Dalam pertemuan tersebut, masyarakat menyampaikan beragam usulan yang menitikberatkan pada infrastruktur lingkungan dan program Rumah Tidak Layak Huni (RTLH). Aspirasi itu muncul seiring keterbatasan program dana RW sebesar Rp300 juta, yang dinilai belum sepenuhnya mampu menjawab kebutuhan wilayah dengan cakupan luas dan kompleksitas persoalan yang beragam.
Edi Masturo menjelaskan, di sejumlah RW terdapat banyak RT dengan kebutuhan pembangunan yang berbeda-beda. Kondisi tersebut membuat alokasi anggaran harus dibagi ke berbagai sektor, sementara beberapa proyek membutuhkan biaya yang tidak sedikit.
“Dalam satu RW bisa terdapat hingga 10 RT dengan karakter dan kebutuhan yang berbeda. Sementara pembangunan infrastruktur tertentu memerlukan anggaran menengah hingga besar, sehingga tidak semuanya bisa terakomodasi melalui dana RW,” ungkap Edi.
Ia menambahkan, usulan yang paling banyak disampaikan warga meliputi perbaikan RTLH, pembangunan dan perbaikan drainase untuk mengantisipasi genangan air, serta pemasangan penerangan jalan lingkungan guna meningkatkan rasa aman dan kenyamanan masyarakat.
Menurut Edi, kebutuhan akan program RTLH menjadi perhatian serius karena hingga kini belum masuk dalam skema mandatory spending dana RW Rp300 juta, padahal masih banyak warga yang membutuhkan hunian layak dan sehat.
“Reses bukan sekadar agenda formal, tetapi momentum penting untuk mendengar langsung suara masyarakat di lapangan.
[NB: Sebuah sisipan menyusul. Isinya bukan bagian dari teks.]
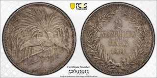 S10 Nuova Guinea tedesca 1894 A argento 2 marchi PCGS MS 63 bella tonalità View item

Seluruh aspirasi ini akan kami kawal dan perjuangkan agar masuk dalam prioritas pembangunan, sehingga program yang disusun benar-benar tepat sasaran dan dirasakan manfaatnya oleh warga,” tegasnya.
Edi berharap, hasil reses ini dapat memperkuat sinergi antara perencanaan pemerintah daerah dan kebutuhan riil masyarakat. Dengan demikian, pembangunan Kota Depok ke depan diharapkan berjalan lebih merata, berkelanjutan, serta mampu meningkatkan kualitas hidup warga secara menyeluruh. (Hetti)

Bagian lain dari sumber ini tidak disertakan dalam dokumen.